Thursday, 14 September 2017

Box jellyfish will destroy future oceans by gobbling up the food

8 September 2017

Who ate all the copepods?
Nature Production / NaturePL
By Christie Wilcox

As the oceans become more acidic, box jellyfish may start eating a lot more. Their greedy appetites could have a huge impact on marine ecosystems.

Some of the carbon dioxide we release is dissolving in the oceans, where it becomes carbonic acid – making the oceans less alkaline and more acidic. Scientists are scrambling to identify which species will be most impacted.

They are particularly concerned about organisms that play pivotal roles in marine food webs, because if they disappear, entire ecosystems may collapse.

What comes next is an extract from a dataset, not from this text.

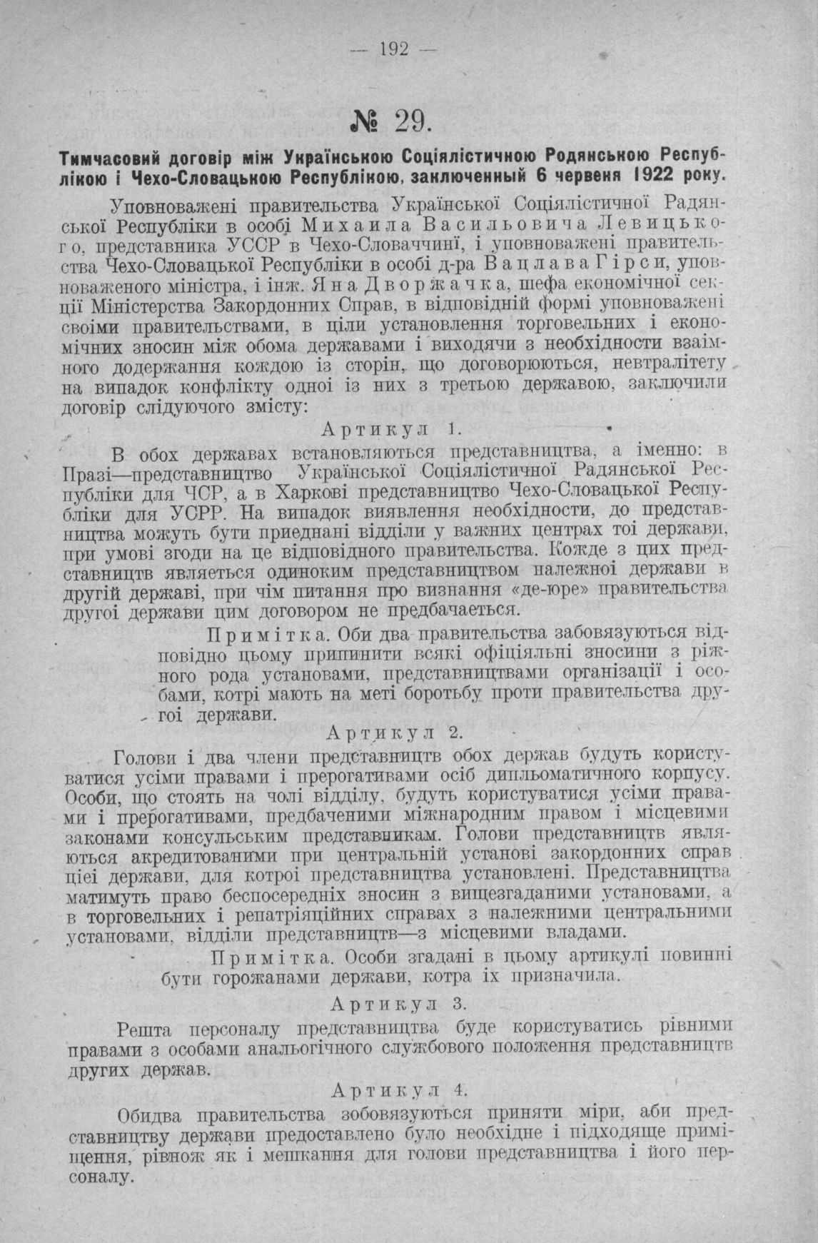 Временный договор между УССР и Чехо-Словацкой Республикой, заключенный 6 июня 1922 года = Тимчасовий дoгoвip мiж Украiнською Соцiялiстичною Родянською Республiкою i Чехо-Словацькою Республiкою, заключенный 6 червеня 1922 року

Copepods are particularly critical. These tiny crustaceans are the most abundant animal on earth by mass. They swarm in vast numbers in some regions of the ocean, where larger animals feast on them.

What happens to copepods affects all that depend on them, “which is pretty much everything,” says Edd Hammill of Utah State University in Logan.

Previous studies have found copepods may be fairly resistant to ocean acidification. However, these have largely focused on single species, so community-level effects may have been missed.

To find out, Hammill and his colleagues collected zooplankton and one of their gelatinous predators, the box jellyfish Carybdea rastoni, from the waters around Australia. They kept the plankton in tanks containing either ambient seawater or seawater acidified at levels predicted for 2100, then added box jellyfish to half of the tanks. After 10 days, they counted what survived.